Su vida, un legado inmortal
Ha sido de los retos más difíciles de esta carrera sanar ese vacío que poco a poco vamos comprendiendo. Pero es tan impresionante lo que Dios ha hecho y hará con su testimonio que sigue estremeciendo mi vida. André es un ángel usado para cambiar pensamientos de rebeldía y negación a plena dedicación por Cristo.
Arturo y Alex son los testimonios evidentes de la obra de Cristo a través de esa vida. El primero (cuya vida también incluyo en el libro), fue un hijo pródigo de nuestra congregación que marcado por la desaparición de su gran amigo decidió ordenar sus cuentas con Dios y comenzar la difícil tarea de volver a su camino y vivir para él. “Lo que realmente toco mi vida fue la pérdida de alguien a quien quiero como un hermano. Eso me hizo reflexionar de como yo iba a presentarme ante el Señor cuando llegara el momento”, escribió en su testimonio Arturo en una ocasión refiriéndose a él.

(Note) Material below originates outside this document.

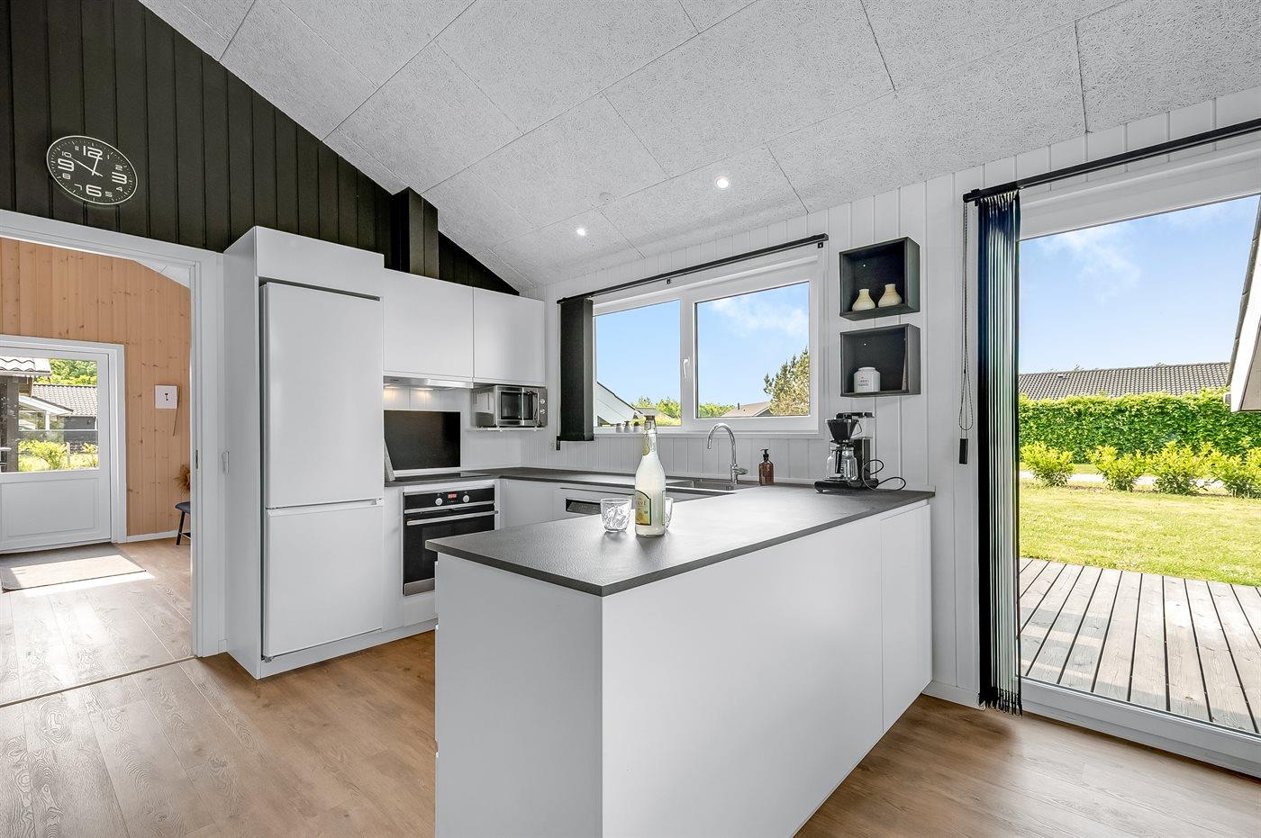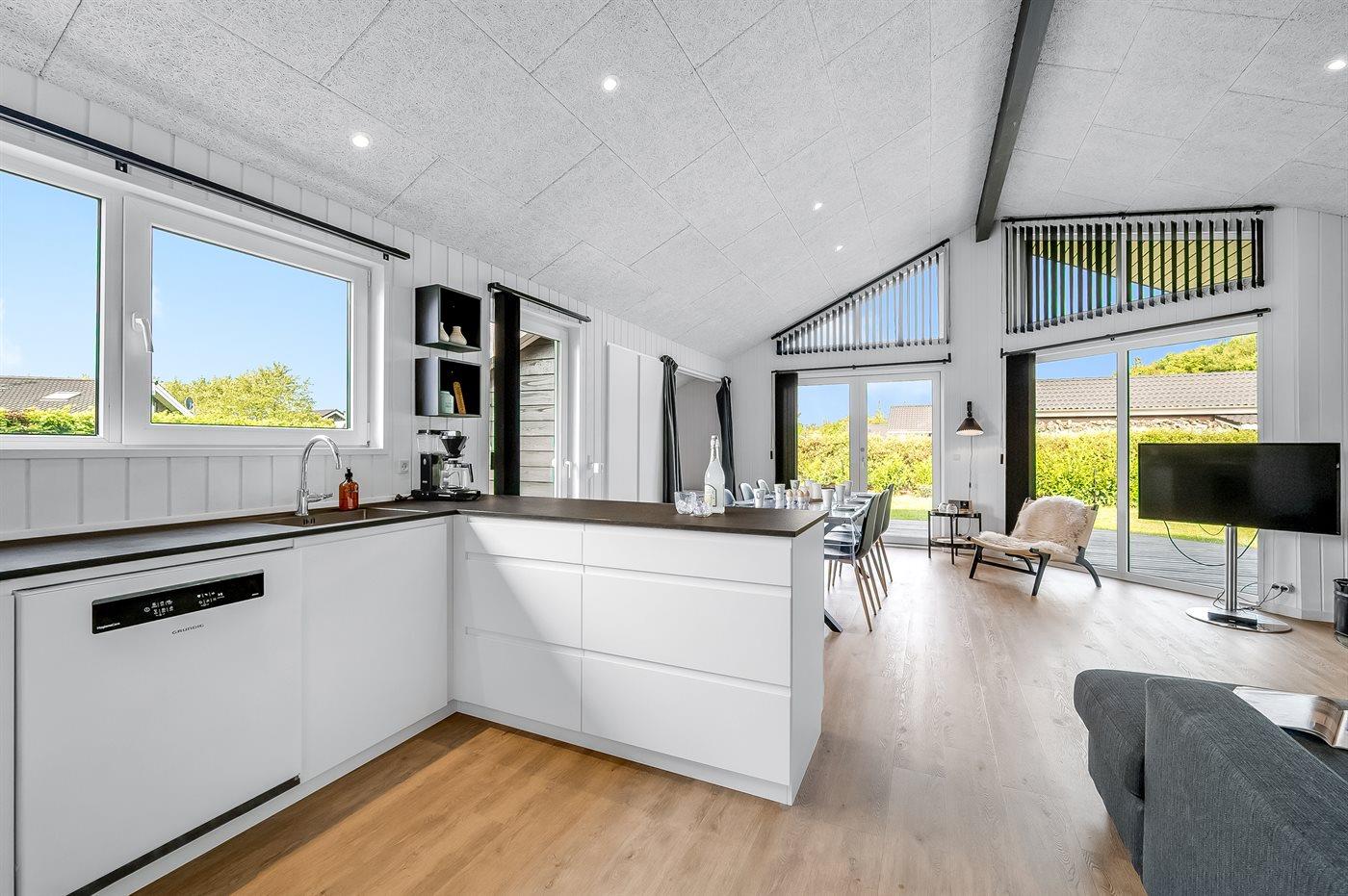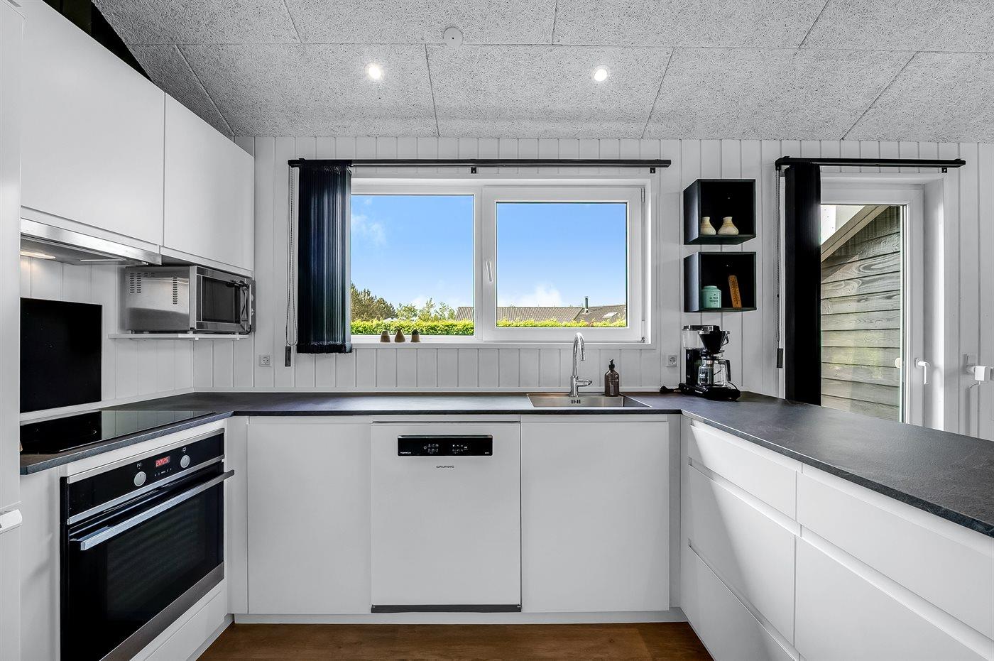 Køkkenet er udstyret med 1 køleskab, frysekapacitet på 10 liter, 4 keramiske kogeplader, varmluftovn, mikrobølgeovn samt opvaskemaskine.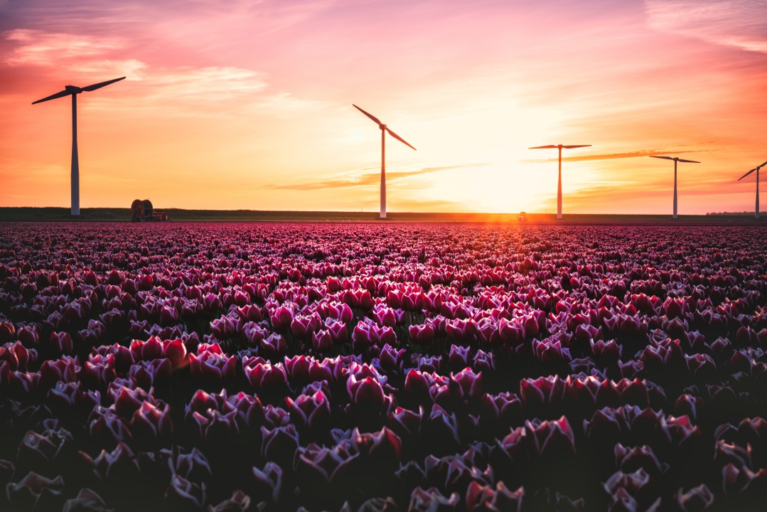 日落下的郁金香花田

Alex, es un joven que conocí en Zambrano, en un campamento del ministerio Palabra de Vida. Sufrió un accidente vehicular y sobrevivió, sin embargo, el sufrimiento de sus dolores lo llevó a renegar de la voluntad de Dios. Al conocer la historia de André, Alex reflexiono y pidió perdón a Dios y se reconcilio con él.
Ahora pasan los días, y seguimos en este mundo y seguiremos hasta que Dios mande, o Cristo venga por nosotros. Pero no cabe duda que la voluntad agradable y perfecta de Dios nos está permitiendo que otros conozcan la vida de ese gran capitán usado por Dios y lo que puede hacer Dios a través de sus vidas.